As the Indian startup scene continues flourishing, founders, investors, and regulators must prioritise transparency, accountability, and ethical practices. This will not only prevent similar disasters in the future but also help build a sustainable and robust ecosystem that fosters innovation and contributes to India’s growth.

In Search of True Role Models

Many of India’s startups have prioritised rapid growth and sky-high valuations over sound governance and sustainable business practices in the race to become the next unicorn. While companies like Byju’s may be financially successful, their questionable tactics and lack of transparency have created a deceptive image of success that risks misleading a generation of aspiring entrepreneurs. 
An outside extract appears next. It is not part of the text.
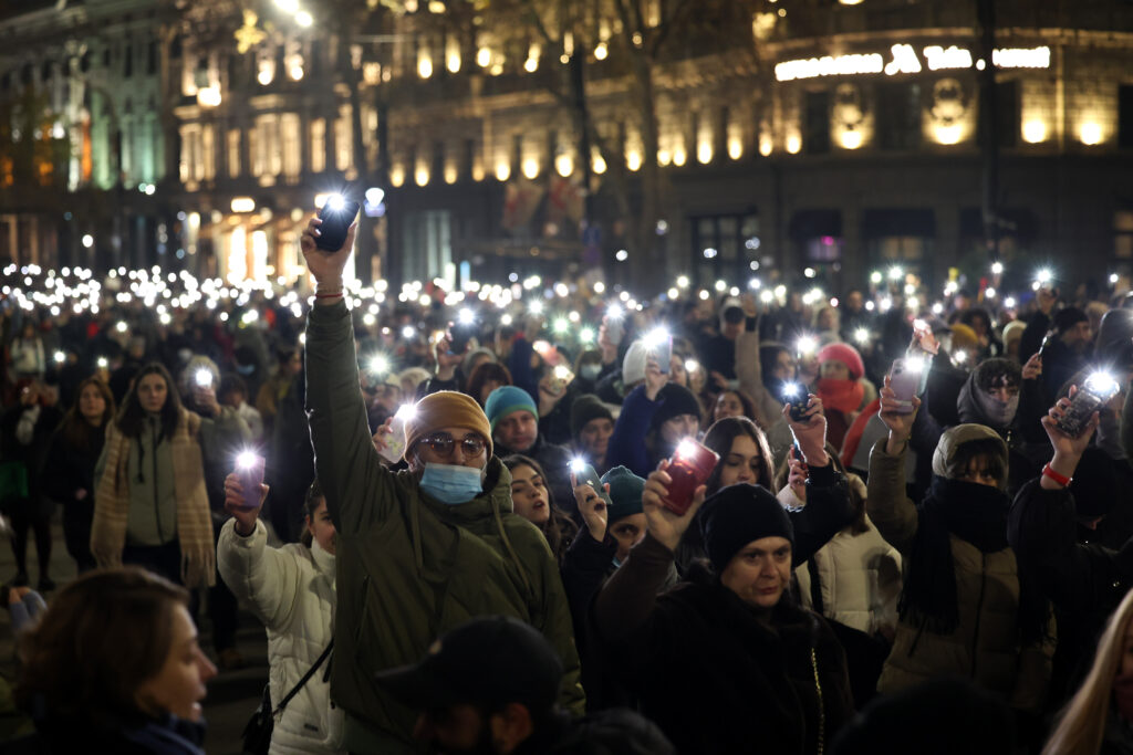 Des milliers de manifestants pro-UE ont marché vers le Parlement géorgien samedi à Tbilissi, donnant le coup d’envoi d’une dixième nuit de protestations contre le gouvernement, accusé d’avoir abandonné les ambitions européennes du pays et truqué les législatives pour s’orienter vers la Russie.La police géorgienne a de nouveau fait usage de gaz lacrymogène et de canons à eau.La présidente géorgienne, Salomé Zourabichvili, en conflit avec le gouvernement et pro-européenne, était pour sa part samedi soir aux cérémonies de réouverture de la cathédrale Notre-Dame à Paris.Elle a affirmé avoir eu une “discussion profonde” avec le président américain élu Donald Trump et son homologue français Emmanuel Macron sur les “élections volées” en Géorgie et “la répression extrêmemement alarmante” des manifestations.”Les Géorgiens ont un ami en Donald Trump”, a-t-elle assuré.Auparavant, elle s’était entretenue avec le président ukrainien Volodymyr Zelensky, dont le pays combat une invasion russe depuis près de trois ans. Il a dit lui avoir exprimé le “plein soutien et la solidarité de l’Ukraine”, appelant à “ne pas céder le pays à Poutine”.L’ex-république soviétique du Caucase est dans la tourmente depuis les élections du 26 octobre, au terme desquelles la victoire annoncée du parti au pouvoir du Rêve géorgien a été contestée par l’opposition pro-occidentale qui dénonce des fraudes.Les manifestations ont repris avec une nouvelle ampleur la semaine dernière après la décision du gouvernement de suspendre jusqu’à 2028 les négociations  d’intégration à l’Union européenne.Au cours de neuf nuits de protestations, émaillées de violences, les manifestants se sont réunis devant le Parlement et aux alentours face à la police, qui a dispersé la plupart des rassemblements par la force.Selon les autorités, 341 manifestants ont été arrêtés au total depuis le début du mouvement. Près de 150 policiers ont été blessés.Des milliers de personnes manifestaient de nouveau samedi, s’étant cette fois d’abord rassemblées devant une université de Tbilissi, avant de se diriger vers le Parlement à grand renfort de klaxons et de sifflets, bloquant l’une des principales artères de la ville, ont constaté les journalistes de l’AFP.- “Nous n’avons pas peur” -“Le gouvernement essaie de nous arrêter, de nous punir, mais nous ne reculons pas, nous n’avons pas peur”, dit Guiorgui Romanadzé, 19 ans. “C’est notre dernière chance d’être libres, d’être heureux. Nous voulons l’Europe et seulement l’Europe”.”Nous nous battons pour notre liberté, pour notre entrée dans l’Union européenne, et nous voulons que la communauté internationale nous aide”, a dit Teona Tchakvetadzé, une manifestante de 32 ans.”Il faut que la communauté internationale sanctionne nos oligarques et ce gouvernement illégitime pour qu’ils soient sous pression, et que nous sachions que nous ne sommes pas seuls”, a-t-elle ajouté. “La chaîne de télévision Pirveli a affirmé que ses journalistes avaient été passés à tabac par des dizaines d’hommes masqués, sous le regard de policiers qui ne sont pas intervenus.La coalition d’opposition, Pour le changement, a quant à elle mis en ligne une vidéo montrant des hommes masqués attaquant ses locaux et battant le dirigeant d’opposition Koba Khabazi.Lors du rassemblement précédent, dans la nuit de vendredi à samedi, “les forces de l’ordre ont arrêté 48 personnes pour désobéissance aux ordres légitimes de la police et vandalisme”, a affirmé le ministère de l’Intérieur dans un communiqué.Le commissaire géorgien aux droits humains, Levan Iosseliani, a pour sa part une nouvelle fois estimé que la police n’avait “pas de fondement légal pour disperser une manifestation pacifique”.- Arrestations d’opposants -Le gouvernement, accusé de dérive autoritaire prorusse par ses détracteurs, a adopté ces derniers jours un discours de plus en plus ferme. Plusieurs figures de l’opposition ont été arrêtées et les bureaux de leurs partis ont été perquisitionnés par la police, qui affirme avoir saisi des feux d’artifice et des cocktails Molotov.Le chef du parti d’opposition Akhali, Nika Gvaramia, a notamment été battu lors de son arrestation devant les caméras de télévision. Il a ensuite été condamné à 12 jours de prison.Le dirigeant du groupe d’opposition Géorgie forte, Alexandre Elisachvili, a été placé en détention provisoire pour deux mois.Vendredi, le Premier ministre Irakli Kobakhidzé avait affirmé avoir “remporté une bataille importante contre le libéralo-fascisme” en Géorgie, terme qu’il emploie pour qualifier ses opposants.Le parti au pouvoir “n’a plus le pouvoir ou les ressources pour faire face au peuple”, a soutenu de son côté vendredi le leader du parti d’opposition Lelo, Mamouka Khazaradzé.Les Etats-Unis et l’Union européenne ont dénoncé cette répression, et Washington a menacé d’adopter de nouvelles sanctions.

For India’s startup ecosystem to truly thrive, it is essential that the role models it looks up to are not merely the most valuable financially but also demonstrate clean governance and solid building blocks.

Companies like Zoho, Infosys, and Zerodha offer a refreshing counterpoint to the “growth at any cost” mentality that has come to define much of the startup world. These organisations have achieved financial success and built their businesses on solid governance, employee satisfaction, and customer-centricity.

Zoho, for instance, has grown steadily over the years without external funding, relying on organic growth and focusing on delivering value to its customers. Infosys, a pioneer in India’s IT sector, has long been recognised for its commitment to corporate governance and ethical conduct. At the same time, online brokerage firm Zerodha has built a loyal customer base by prioritising transparency, affordability, and innovation.

These companies provide valuable lessons for India’s startup ecosystem. They prove that valuations and growth should not come at the expense of accountability, governance, and employee well-being.

(Pankaj Mishra has been a journalist for over two decades and is the co-founder of FactorDaily.)

Disclaimer: These are the personal opinions of the author.